Check out this promotional video for St. Louis University. Click on "Be Urban" to see what I'm talking about.
It's nice to see SLU try to market their urban location; the brief shots of downtown, Midtown, and Central West End were nice and did pique my interest as a lover of cities.
But I am a little bothered by their emphasis on the amount of greenery they have, since, of course, a lot of respectable and even beautiful urban buildings came down to produce that coveted "green space".
I can only imagine the Midtown of the era between 1970 and 1995. I'm sure it was a dark place, with ever increasing vacancy and crime. Pruitt-Igoe, not too far away, had failed; the notion of "progress" as a linear flight of stairs was dying, and a whole generation of rapid suburbanization seemed to, once and for all, render struggling urban neighborhoods obsolete.
Yet SLU has torn so much of that vilified built environment down that it's difficult to describe them as products of their time--especially because their ongoing attempts to buy up all of Midtown/Grand Center and hold a monopoly over dining, entertainment, and boarding options is a terrific threat to urbanism today. Their grafting of historic buildings here and there shows the carelessness and arrogance of an amateur painter blotting out the details of a masterwork to produce a desired "cleaner" or more organized vision.
While I realize that SLU must try to increase enrollment, and thinks that this is the best strategy ("we have greenspace--lots of it--in the heart of the city!"), truly they have only held this neighborhood back and kept it from connecting the east-west spine of Downtown-Midtown-Central West End. I suppose the greater question, to me, is where are the city residents who care? I realize that the neighborhood has been drained of its non-SLU residential units long ago. Why do the citizens of St. Louis never get to dictate, at least in part, what their built environment looks like? The keys to the city are in the hands of megadevelopers and huge landowners that are not at all accountable to the citizens of St. Louis.

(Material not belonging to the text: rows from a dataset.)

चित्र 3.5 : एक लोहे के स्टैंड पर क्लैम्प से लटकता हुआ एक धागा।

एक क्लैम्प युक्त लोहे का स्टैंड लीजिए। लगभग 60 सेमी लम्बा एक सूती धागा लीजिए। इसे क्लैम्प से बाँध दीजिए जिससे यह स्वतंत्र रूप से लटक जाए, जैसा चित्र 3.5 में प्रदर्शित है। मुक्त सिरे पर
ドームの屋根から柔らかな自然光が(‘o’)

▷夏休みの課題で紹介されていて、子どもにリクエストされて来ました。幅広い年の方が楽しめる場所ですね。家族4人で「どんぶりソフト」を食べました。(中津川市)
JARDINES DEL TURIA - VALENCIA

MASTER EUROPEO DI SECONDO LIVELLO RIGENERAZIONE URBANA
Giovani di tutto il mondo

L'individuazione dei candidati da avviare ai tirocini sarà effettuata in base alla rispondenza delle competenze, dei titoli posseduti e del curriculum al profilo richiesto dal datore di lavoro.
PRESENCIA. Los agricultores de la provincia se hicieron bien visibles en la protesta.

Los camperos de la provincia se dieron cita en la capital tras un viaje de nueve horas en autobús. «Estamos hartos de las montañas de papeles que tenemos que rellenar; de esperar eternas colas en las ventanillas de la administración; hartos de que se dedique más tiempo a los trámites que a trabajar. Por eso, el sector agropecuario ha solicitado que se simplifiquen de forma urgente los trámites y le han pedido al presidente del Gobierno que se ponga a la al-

McKee. SLU. The Catholic Church. You name it: they own this city and have the right to do what they want with it because they receive little, if any, protest. It's time for a wider vision of St. Louis, one that sees SLU's closure of Josephine Baker Street and demolition of the Livery Stable for a surface parking lot as an affront to the City of St. Louis, not just to the Locust Business District and to Midtown.

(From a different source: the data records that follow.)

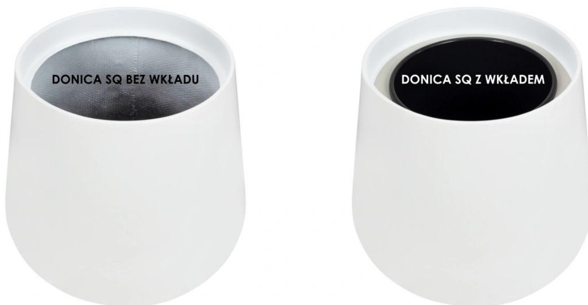
Donica SQ bez wkładu | Donica SQ z wkładem

Donica SQ65 stwarza nieskończone możliwości, szczególnie dzięki opcjonalnemu wymowanemu wewnętrznemu wkładowi o pojemności 13 litrów. Ten dodatkowy element znacząco poszerza zakres funkcjonalności, który oferuje model SQ65, wprowadzając nowy wymiar przyjemności w pielęgnacji roślin. To rozwiązanie otwiera pole do swobodnej i elastycznej wymiany roślin, umożliwiając tworzenie różnorodnych aranżacji wewnątrz, dostosowanych do indywidualnych gustów. Otwiera drzwi do eksperymentowania i kształtowania przestrzeni zgodnie z naszymi osobistymi preferencjami, co pozwala na tworzenie niepowtarzalnych kompozycji roślinnych, oddających w pełni naszą wyjątkową wizję estetyki.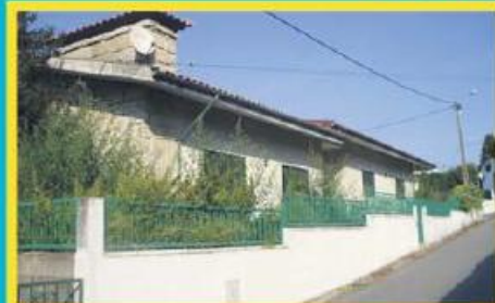
Morada em Antas ref: 1420

Morada de 3 frentes junto ao centro de Gondifelos, com excelentes áreas interiores e exteriores. Condições especiais de financiamento, com spread de 2%. Preço: €109.000,00. Prestação: 358,86€/mês (prazo: 40 anos).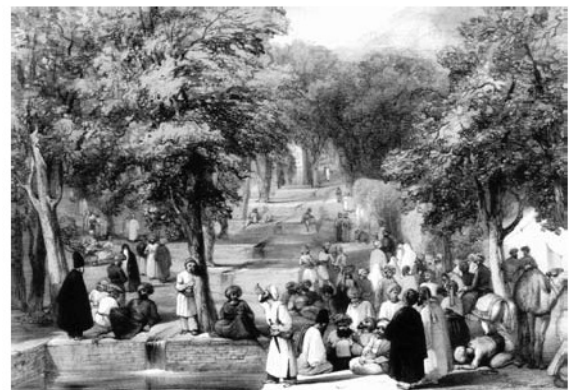
Babur's Garden, central axis, 1842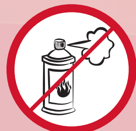
Gassprühdosen / aerosol spraya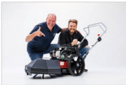
Referenz-Technik für die Wildkraut-beseitigung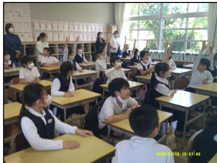
5月 たくさんの保護者の皆さんに来校いただいた学習公開日

SLU, please, follow your own advice: Be Urban!
Help develop a master plan to guide future developments. But don't dominate the process.
Encourage, do not shun, small entrepreneurs and investors from revitalizing what is left of the small- and mid-scale historic core of the neighborhood.
Do not demolish buildings for parking lots. If the campus is truly connected to those surrounding neighborhoods as was shown on the video, there is no need for a car at all, right?
Look to Olive Street between Spring and Vandeventer for future student housing, if the demand is there. Consult an architect to do so--no more historicist crap with faux-patinaed roofs.
In an urban neighborhood, an overabundance of green space with no defined street walls causes a vacuous effect that is unsettling to the average urban dweller. Create intelligent green spaces that will be well used and enjoyed. Surrender dead zones to urbanization.
Personally, I would reopen Spring as a through-street. The corner of Spring and Laclede could then be restored, its urban buildings replaced. Even the clock tower area could be reconfigured to allow urban buildings to flank the circle.
Enough from me, though. What did you think of the video? It's nice to hear and see SLU say the words "Be Urban"; I just want them to learn what "urban" really is. Because, to me, urban is not a mere ability to see tall buildings rising from endless expanse of empty parkland from your window. Urban is a function of density, activity, visual complexity (not coherence, necessarily), walkability, et cetera--all things that Midtown is presently lacking.
LINE AND PATTERN
7 hours ago
1 comments:
Michael said that video would remind me of the idiots I went to school with--and it did! Also, did you notice that the girl from the small town in the video basically said that going to school at SLU made sure that she *didn't* have to "be urban?" And that they used the more effeminate male to talk about Central West End? And the more ethnic-looking female to talk about South Grand's ethnic restaurants? Oh, SLU.